On the regulatory front, manufacturing intermediates that see use in pharmaceutical R&D brings scrutiny. Impurities, both organic and inorganic, come under a microscope. We continually track changes in impurity guidelines and adapt our process validation accordingly. Communication with QA/QC auditors has shown the value of detailed, traceable documentation—nothing saps project momentum like paperwork gridlock or unexplained chromatographic ghosts.
Our commitment to data integrity ensures batch records, COAs, and analytical spectra stand up to review by external partners. Customers working under GMP protocols appreciate seeing in-depth impurity profiles, not just minimal or “compliant” data summaries. The partnership grows stronger with transparency, enabling us to tailor specifications for even the most demanding research pipelines.

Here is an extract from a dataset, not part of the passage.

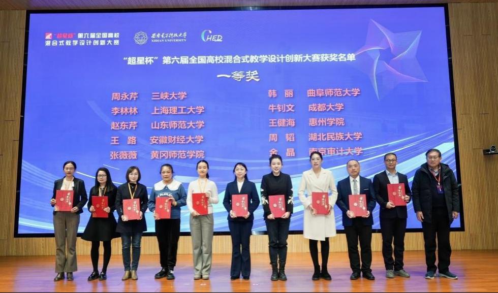 韩丽老师(右四)参加全国高校混合式教学设计创新大赛颁奖典礼

Sourcing specialty chemicals grows more competitive year by year, and simply offering the “same” product as everyone else leads nowhere. Over decades of chemist-to-chemist conversations, we’ve refined our approach: we prioritize what’s important in actual synthesis campaigns and work backward, tuning our process to deliver what users value most. In the case of imidazo[1,2-a]pyridine-8-carboxylic acid, we keep learning from every inquiry and every complaint, refining crystallization, drying, or impurity removal based on what matters most in the laboratory or scale-up context.

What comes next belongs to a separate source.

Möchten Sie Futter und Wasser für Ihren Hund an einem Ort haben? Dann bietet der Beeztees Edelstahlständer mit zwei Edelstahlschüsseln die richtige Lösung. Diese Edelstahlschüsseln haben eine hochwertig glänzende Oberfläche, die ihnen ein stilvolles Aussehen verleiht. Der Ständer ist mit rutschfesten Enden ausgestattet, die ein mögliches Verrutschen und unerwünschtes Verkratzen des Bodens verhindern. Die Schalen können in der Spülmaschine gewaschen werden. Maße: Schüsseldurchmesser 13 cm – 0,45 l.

Teams come back because product quality translates to project speed and confidence. Fewer reworks and less need for troubleshooting open up time for what chemists actually want to do—explore new SAR space, push into new targets, or run more complex reactions without losing days to troubleshooting avoidable quality issues. Our ongoing investment in both people and process drives measurable gains for those working downstream.
Heterocyclic chemistry keeps expanding. We continue to see new applications for this acid in both established and emerging drug discovery pipelines. Ongoing collaboration with both academic and industry groups provides valuable insight on where this building block fits into new synthetic challenges. Whether it’s serving as a node for bioconjugation, a precursor for photoreactive probes, or part of multi-step campaigns for patent filings, the value comes from more than the molecule itself. It’s the reliability, transparency, and insight gained by decades of specializing in this class of intermediates.
We remain committed to learning by doing—listening to feedback, running our own in-house coupling protocols, and speaking directly with chemists to surface hidden pain points. Maintaining the full traceability of each batch, investing in innovative purification and drying technologies, and building institutional knowledge guide us as the demands of modern organic chemistry grow ever more stringent.
Our ongoing investments aim to shorten research cycles and make synthetic bottlenecks a thing of the past. The evolution of imidazo[1,2-a]pyridine-8-carboxylic acid production stands as a testament to what’s possible when manufacturers keep communication with end users at the forefront. Chemists keep pushing the boundaries of what these building blocks can accomplish, and our determination to support those goals only grows stronger.
Every new project that passes through our hands underscores the importance of quality, predictability, and open communication. For us, imidazo[1,2-a]pyridine-8-carboxylic acid isn’t just another molecule; it represents progress in process development, applied knowledge, and all the ways practical chemistry can serve innovation. We look forward to seeing where the next breakthrough will take this scaffold—and remain ready to supply the backbone chemists rely on to get there.